----- DATA PROVIDED

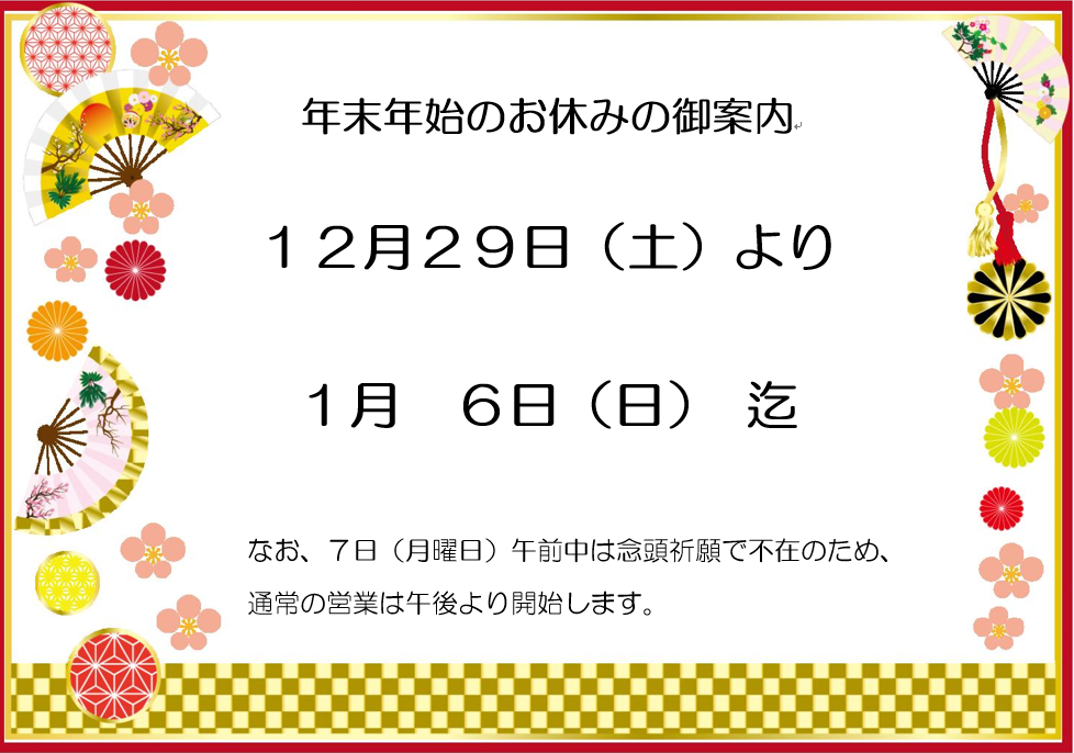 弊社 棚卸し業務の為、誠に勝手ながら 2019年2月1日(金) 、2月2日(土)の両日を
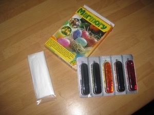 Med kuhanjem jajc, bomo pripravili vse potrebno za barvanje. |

----------
----- DATA PROVIDED

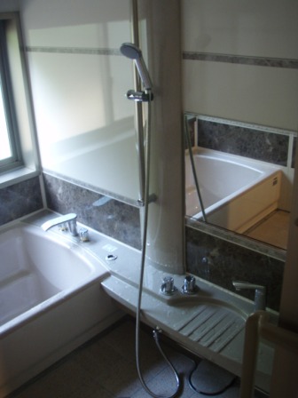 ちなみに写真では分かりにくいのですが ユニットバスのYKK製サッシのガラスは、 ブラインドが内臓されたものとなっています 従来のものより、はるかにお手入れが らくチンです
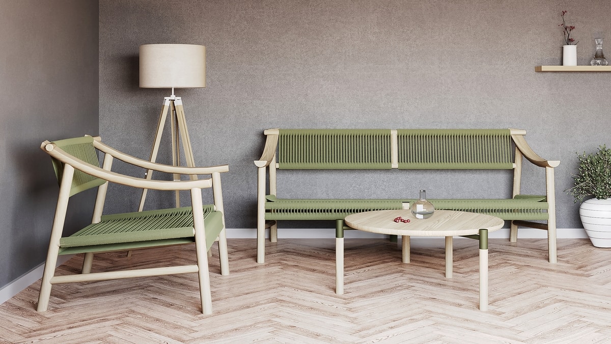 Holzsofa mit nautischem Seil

----------
----- DATA PROVIDED

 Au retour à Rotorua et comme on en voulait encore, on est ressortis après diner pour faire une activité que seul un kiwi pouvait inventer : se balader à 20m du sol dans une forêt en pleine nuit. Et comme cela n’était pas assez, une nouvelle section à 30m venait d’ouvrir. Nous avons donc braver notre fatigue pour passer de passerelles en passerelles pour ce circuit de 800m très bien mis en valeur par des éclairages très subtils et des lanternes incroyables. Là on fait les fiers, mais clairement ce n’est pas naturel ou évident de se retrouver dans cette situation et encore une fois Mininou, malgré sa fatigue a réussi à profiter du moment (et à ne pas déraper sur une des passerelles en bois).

----------

Output exactly the lines above that lie between the line with "ちなみに写真では分かりにくいのですが ユニットバスのYKK製サッシのガラスは、 ブラインドが内臓されたものとなっています" and the line with "Holzsofa mit nautischem Seil", those two lines included, and no pictures.

 ちなみに写真では分かりにくいのですが ユニットバスのYKK製サッシのガラスは、 ブラインドが内臓されたものとなっています 従来のものより、はるかにお手入れが らくチンです
 Holzsofa mit nautischem Seil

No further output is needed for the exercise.